A questão se colocou a mim, entre a fumaça do cigarro e os fragmentos poéticos de Walter Benjamin, sob o prisma da escolha. O silêncio que agora me ronda tem cheiro de distância e me levou a lugares mais graves, talvez mais abstratos e problemáticos do que aqueles do qual partiu. E justamente por isso me traz à mente um outro (tenho descoberto que são vários, talvez incontáveis): o silêncio-distância que é imposto seja lá por que força irremediável. Parece-me que uma tal mudez geralmente conduz a um sofrimento exorbitante, no seio do qual, muito provavelmente, há de haver um grito lancinante... e surdo. A constatação aterradora de que seja possível um tal grito pode constituir uma escala que funcione para medir a dor e o sofrimento. No entanto, se pudéssemos ter em mãos tal escala - na forma de uma fita métrica? - talvez não corrêssemos a debruçá-la sobre algum episódio específico, particularmente doloroso. Talvez buscássemos identificar, mais que qualquer outra coisa, os "números" assinalados nos dois extremos da escala. Mas aqui minha metáfora se auto-implode. O que procuraríamos a todo custo não seria tanto o limite superior da escala. Nele, não é difícil supor, não há qualquer algarismo, e sim uma imagem: a da caveira com ossos cruzados. O que buscamos é o número que jaz exatamente abaixo desse algarismo: o nosso limite.

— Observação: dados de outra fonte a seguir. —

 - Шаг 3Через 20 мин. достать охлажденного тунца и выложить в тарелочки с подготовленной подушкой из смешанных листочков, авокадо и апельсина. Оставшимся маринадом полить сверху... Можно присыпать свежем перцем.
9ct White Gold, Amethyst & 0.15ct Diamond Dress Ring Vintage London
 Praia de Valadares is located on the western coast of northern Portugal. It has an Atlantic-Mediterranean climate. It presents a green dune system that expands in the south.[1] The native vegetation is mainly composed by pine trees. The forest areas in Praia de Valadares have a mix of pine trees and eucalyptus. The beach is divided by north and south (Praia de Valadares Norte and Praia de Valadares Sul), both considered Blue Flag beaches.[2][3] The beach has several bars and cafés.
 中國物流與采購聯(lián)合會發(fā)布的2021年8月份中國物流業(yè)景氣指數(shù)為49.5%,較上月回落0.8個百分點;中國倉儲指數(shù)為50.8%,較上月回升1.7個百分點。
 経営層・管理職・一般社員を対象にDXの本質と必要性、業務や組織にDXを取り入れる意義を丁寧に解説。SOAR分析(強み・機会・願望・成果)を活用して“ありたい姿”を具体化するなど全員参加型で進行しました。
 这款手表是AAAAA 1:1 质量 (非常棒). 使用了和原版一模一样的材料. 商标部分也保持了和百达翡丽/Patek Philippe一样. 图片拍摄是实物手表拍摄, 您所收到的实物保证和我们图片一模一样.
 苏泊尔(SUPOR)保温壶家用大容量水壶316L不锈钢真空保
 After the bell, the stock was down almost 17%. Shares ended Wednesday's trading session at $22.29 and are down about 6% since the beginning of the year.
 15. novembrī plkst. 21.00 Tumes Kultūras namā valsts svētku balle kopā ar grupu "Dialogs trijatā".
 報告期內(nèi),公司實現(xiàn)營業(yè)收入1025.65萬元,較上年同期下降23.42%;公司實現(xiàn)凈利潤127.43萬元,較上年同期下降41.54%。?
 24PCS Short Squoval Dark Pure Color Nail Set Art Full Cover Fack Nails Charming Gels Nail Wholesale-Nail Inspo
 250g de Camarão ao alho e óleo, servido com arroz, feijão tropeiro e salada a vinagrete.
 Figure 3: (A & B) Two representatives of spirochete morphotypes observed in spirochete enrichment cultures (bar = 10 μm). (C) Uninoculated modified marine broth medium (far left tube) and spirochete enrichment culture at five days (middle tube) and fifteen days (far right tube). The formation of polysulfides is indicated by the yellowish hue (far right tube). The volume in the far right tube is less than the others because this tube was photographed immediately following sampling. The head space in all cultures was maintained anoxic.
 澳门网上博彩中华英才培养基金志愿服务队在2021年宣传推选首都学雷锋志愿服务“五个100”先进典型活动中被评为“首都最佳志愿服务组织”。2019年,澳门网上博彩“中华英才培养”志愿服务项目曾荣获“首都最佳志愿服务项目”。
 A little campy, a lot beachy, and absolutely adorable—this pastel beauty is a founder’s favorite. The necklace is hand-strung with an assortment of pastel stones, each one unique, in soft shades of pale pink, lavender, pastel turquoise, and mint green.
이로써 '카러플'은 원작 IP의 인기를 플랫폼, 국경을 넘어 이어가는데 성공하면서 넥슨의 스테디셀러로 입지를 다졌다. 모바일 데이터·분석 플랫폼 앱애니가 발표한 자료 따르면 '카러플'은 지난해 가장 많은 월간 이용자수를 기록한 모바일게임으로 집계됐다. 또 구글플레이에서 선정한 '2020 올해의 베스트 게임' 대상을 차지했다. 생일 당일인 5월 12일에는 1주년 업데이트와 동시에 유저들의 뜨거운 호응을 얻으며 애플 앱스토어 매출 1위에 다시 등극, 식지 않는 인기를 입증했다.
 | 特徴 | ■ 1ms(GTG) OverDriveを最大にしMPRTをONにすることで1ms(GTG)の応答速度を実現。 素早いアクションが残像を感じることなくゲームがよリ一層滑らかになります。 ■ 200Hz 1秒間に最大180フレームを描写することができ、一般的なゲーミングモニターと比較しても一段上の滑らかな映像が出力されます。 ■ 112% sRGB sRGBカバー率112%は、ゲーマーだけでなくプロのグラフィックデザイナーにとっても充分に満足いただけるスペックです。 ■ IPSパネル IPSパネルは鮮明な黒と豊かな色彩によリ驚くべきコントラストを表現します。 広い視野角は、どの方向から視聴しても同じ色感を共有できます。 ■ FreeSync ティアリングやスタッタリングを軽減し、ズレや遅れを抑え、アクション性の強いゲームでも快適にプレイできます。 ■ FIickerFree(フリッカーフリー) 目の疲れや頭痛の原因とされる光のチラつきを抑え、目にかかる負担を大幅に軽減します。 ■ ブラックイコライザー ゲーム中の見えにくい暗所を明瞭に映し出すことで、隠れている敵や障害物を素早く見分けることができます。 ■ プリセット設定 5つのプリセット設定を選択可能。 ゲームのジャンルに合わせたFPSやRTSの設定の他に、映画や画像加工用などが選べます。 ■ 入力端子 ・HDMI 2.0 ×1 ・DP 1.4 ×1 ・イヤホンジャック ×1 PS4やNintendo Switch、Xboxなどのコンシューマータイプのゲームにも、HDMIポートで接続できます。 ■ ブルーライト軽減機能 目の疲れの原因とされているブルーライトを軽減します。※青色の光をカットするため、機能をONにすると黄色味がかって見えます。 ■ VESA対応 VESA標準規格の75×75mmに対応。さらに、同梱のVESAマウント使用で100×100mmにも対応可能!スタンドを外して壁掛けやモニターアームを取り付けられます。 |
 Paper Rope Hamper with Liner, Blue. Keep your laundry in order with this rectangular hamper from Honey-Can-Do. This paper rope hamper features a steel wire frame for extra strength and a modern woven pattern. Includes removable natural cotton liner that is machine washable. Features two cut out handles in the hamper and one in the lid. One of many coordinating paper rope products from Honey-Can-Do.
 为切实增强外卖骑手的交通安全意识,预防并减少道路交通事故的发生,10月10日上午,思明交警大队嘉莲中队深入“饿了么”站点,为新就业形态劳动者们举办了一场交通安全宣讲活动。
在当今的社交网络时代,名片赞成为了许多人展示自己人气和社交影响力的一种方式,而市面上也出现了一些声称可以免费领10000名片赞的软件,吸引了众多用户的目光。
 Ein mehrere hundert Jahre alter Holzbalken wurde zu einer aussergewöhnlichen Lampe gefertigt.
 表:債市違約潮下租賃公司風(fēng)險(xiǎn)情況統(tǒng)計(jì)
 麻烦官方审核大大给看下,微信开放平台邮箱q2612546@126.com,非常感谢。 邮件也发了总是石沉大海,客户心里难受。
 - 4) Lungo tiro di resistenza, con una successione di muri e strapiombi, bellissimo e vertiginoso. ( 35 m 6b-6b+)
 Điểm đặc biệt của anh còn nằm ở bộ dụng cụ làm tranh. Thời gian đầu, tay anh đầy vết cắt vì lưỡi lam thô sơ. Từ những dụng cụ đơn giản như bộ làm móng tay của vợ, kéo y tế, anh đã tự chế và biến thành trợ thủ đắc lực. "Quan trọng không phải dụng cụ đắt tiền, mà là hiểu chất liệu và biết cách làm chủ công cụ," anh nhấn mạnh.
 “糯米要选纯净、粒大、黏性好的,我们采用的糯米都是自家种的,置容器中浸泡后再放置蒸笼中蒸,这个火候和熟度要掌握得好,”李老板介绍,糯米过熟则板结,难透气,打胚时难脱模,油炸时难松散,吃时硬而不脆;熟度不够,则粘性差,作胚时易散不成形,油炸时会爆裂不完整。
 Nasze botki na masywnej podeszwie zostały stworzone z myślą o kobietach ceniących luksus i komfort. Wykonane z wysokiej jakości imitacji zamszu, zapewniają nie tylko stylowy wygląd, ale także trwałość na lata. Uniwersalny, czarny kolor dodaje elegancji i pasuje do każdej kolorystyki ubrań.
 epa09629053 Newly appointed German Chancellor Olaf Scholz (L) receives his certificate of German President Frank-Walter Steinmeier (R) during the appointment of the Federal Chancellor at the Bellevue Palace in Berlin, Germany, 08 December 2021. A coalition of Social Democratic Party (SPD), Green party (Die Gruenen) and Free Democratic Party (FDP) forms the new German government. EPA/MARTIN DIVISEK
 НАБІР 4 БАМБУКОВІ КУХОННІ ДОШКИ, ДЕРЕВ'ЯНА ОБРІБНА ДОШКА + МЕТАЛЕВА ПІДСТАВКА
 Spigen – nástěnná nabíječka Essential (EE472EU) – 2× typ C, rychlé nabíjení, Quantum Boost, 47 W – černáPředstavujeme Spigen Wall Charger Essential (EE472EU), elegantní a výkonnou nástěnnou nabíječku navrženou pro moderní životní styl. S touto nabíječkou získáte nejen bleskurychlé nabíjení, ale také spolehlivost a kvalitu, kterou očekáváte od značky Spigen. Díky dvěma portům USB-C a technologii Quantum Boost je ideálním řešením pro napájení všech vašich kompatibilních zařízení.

Mas o silêncio do qual agora me ocupo - com tantas palavras - é aquele cuja extinção podemos buscar promover como numa aposta com razoável possibilidade de sucesso. Caso não se consiga rompê-lo paga-se com algum constrangimento, com algum desconcerto e com a ansiedade sobre a possibilidade de que ele se perpetue, assuma outras formas, mais nocivas, cuja não-extinção haveria de culminar no referido grito lancinante. É o silêncio que aflige, por exemplo, os amantes quando suspeitam pairar sobre o amor algo de sombrio sem que se possa confiar plenamente nos juízos - ou na honestidade - que uma e outra parte possam ter do fenômeno que, ademais, pode conter um sem-número de mal-entendidos.

O que me chama a atenção é o possível caráter pedagógico desse silêncio-distância, mais prosaico e corriqueiro. Talvez ele tenha algo a nos dizer sobre aquele outro que nos leva ao grito lancinante, ao limite de nossas forças ou para além dele e de tudo o mais. Porque tanto é intensa a nossa necessidade de conferir forma à nossa existência, de conferir ordem e sentido à experiência, quanto nos é urgente a capacidade de guardar silêncio quando toda palavra nos é vetada pela dor, pelo absurdo e pela solidão. E talvez o termo pedagógico se mostre aqui um excesso. Porque o que daqui se apreende não é tanto uma lição quanto uma descrição: quando a vida, num momento extremo, nos privar de toda e qualquer palavra o que nos restará se não a capacidade de guardar silêncio sem desabar? Não seria isso o que Nietzsche tinha em mente quando forjou o conceito de força plástica? O termo resignação parece pertinente para expressar a matéria desse silêncio, mas não o esgota. Sua fórmula exata, sua essência, assim como a receita para obtê-lo, nos permanece inacessível. Nos resta, portanto, apontar para as pistas que temos com dedos trêmulos nesse procedimento alquímico e quixotesco que é a busca por algo que possa encher de sentido essa palavra que tantas vezes nos parece vazia: força. De minha parte suspeito que seja saudável treinar. Treinar o silêncio para o dia em que ficaremos mudos. E assim, talvez, tenhamos força para aguardar que as palavras retornem pouco a pouco.

Não se pode exigir de ninguém que suporte o silêncio irremediável, que saiba calar, que saiba cultivar, na tormenta, a surdez que compõe um par apaziguado com o silêncio que nos é ifligido. Mas dessa aposta não se pode abdicar: no limite, sobreviver é saber calar.